Bagi Evi, suka adalah ketika ia dan timnya menyaksikan seorang bayi yang lahir dari ODHA tidak tertular virus HIV. “Apabila diagnosis HIV diketahui sejak trimester pertama, maka virus bisa ditangani dengan terapi antiretroviral selama enam bulan. Saya akan sangat bersyukur jika hasil EID kemudian negatif. Saya adalah salah seorang ibu yang mendapat keistimewaan bergabung dengan program ini dan membantu memutus rantai penularan sejak dini.”

Tantangan lain yang ia hadapi biasanya bersifat budaya, sosial, dan berkaitan dengan stigma. Ada pula masalah buta aksara dan ketidakmampuan membaca waktu di kalangan warga di tempat terpencil. Hal ini menyulitkan mereka menjalani pengobatan HIV dengan benar karena obat harus diminum pada jam yang persis sama, setiap hari. Pemahaman terhadap layanan kesehatan, khususnya HIV dan PMTCT, juga terbatas. Untuk mengatasi isu-isu ini, Evi bekerja sama dengan masyarakat setempat untuk membuat bahan edukasi dan informasi dalam dialek setempat.

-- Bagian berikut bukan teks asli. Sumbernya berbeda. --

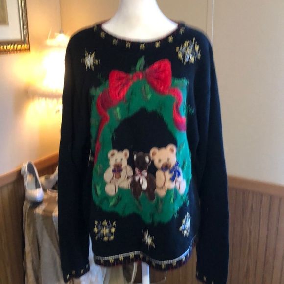 Adorable designer warm long sleeve sweater b.P design with three adorable Teddy bears. X size large. Great condition might need a sweater shaver on the bears
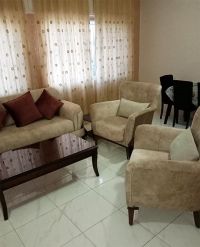 Furnished apartment for rent in Um Al - Summaq, next to Al - Durr Al - Manthour Schools. Two bedrooms, a living room, a kitchen, and a bathroom Very sunny throughout the day. Hot & cold inverter air conditioners. For contact
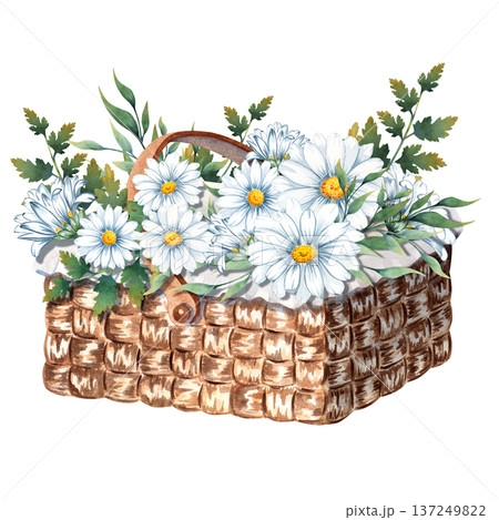 Watercolor wicker basket filled with white daisies and greenery. Romantic floral composition for spring greeting cards, wedding invitations, rustic decor, botanical prints, seasonal design projects
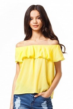 Игривый летний топ свободного силуэта выполнен из тонкой вискозной ткани. Горловина дополнена драпированная оборкой. Верх изделия на резинке позволяет носить его спущенным, открывая линию плеч.
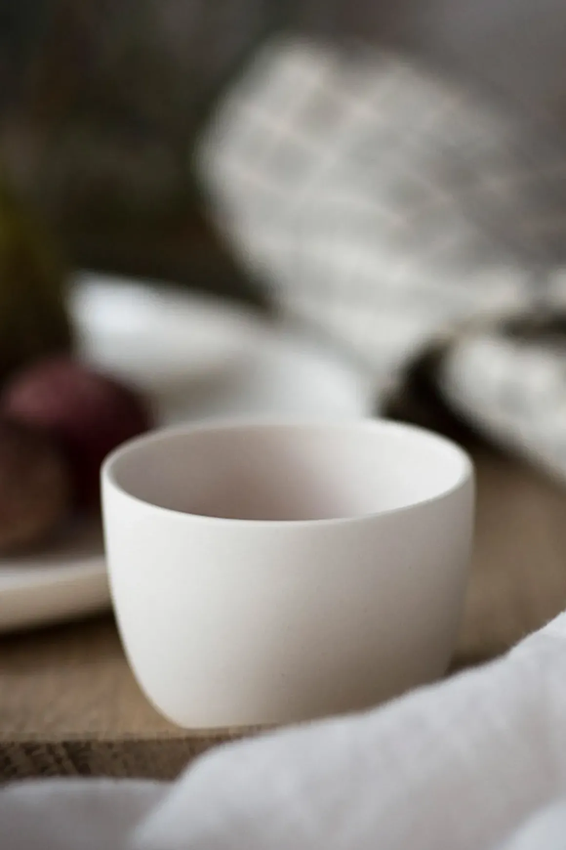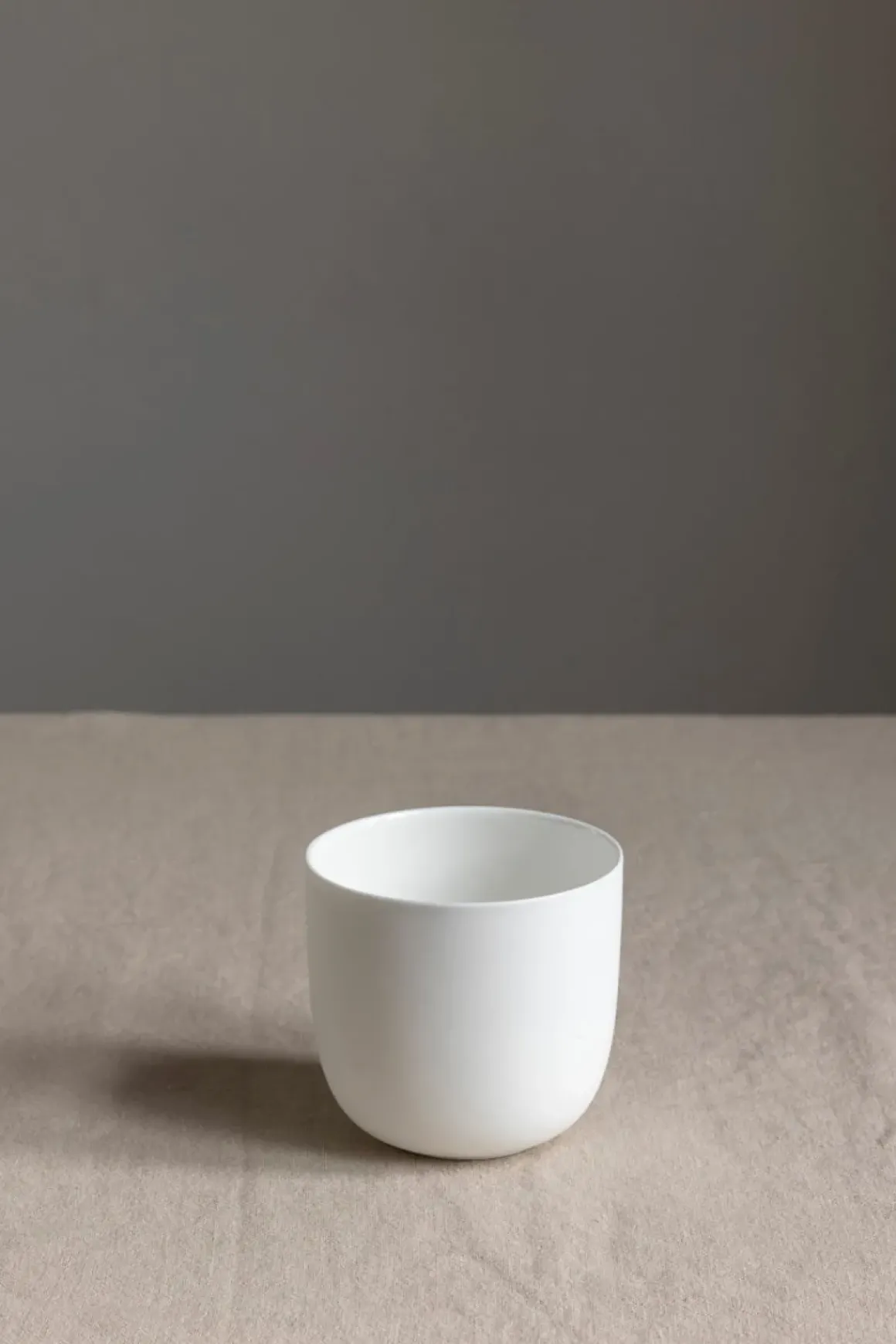 Porselenskopp uten hank fra Serax, designet av Studio Piet Boon. Koppen er hvit med en pen matt overflate, og passer perfekt til en kopp kaffe. Base-serviset er enkelt med rent design som passer inn i ethvert hjem, og blandet med ulike typer servise. Kombiner med andre deler av Base-serviset for en fullført stil til bordet ditt.

Semangat juang Evi memang tidak pernah padam meskipun terdapat berbagai tantangan di atas. “Saya bahagia melihat anak-anak yang pernah menjalani tes EID saya tumbuh sehat dan menjadi bagian dari generasi penerus bangsa, di mana pun mereka berada,” jelas Evi.

“Di Papua Barat, khususnya di Manokwari, kami perlu terus menyosialisasikan program HIV dan kesehatan,” lanjutnya, “Dan kami membutuhkan orang-orang yang berkomitmen untuk membantu Papua melawan HIV. Mari terus tekun bekerja dan jangan sampai menjadi tinggi hati.”

Evi sits outside her home in Manokwari, West Papua.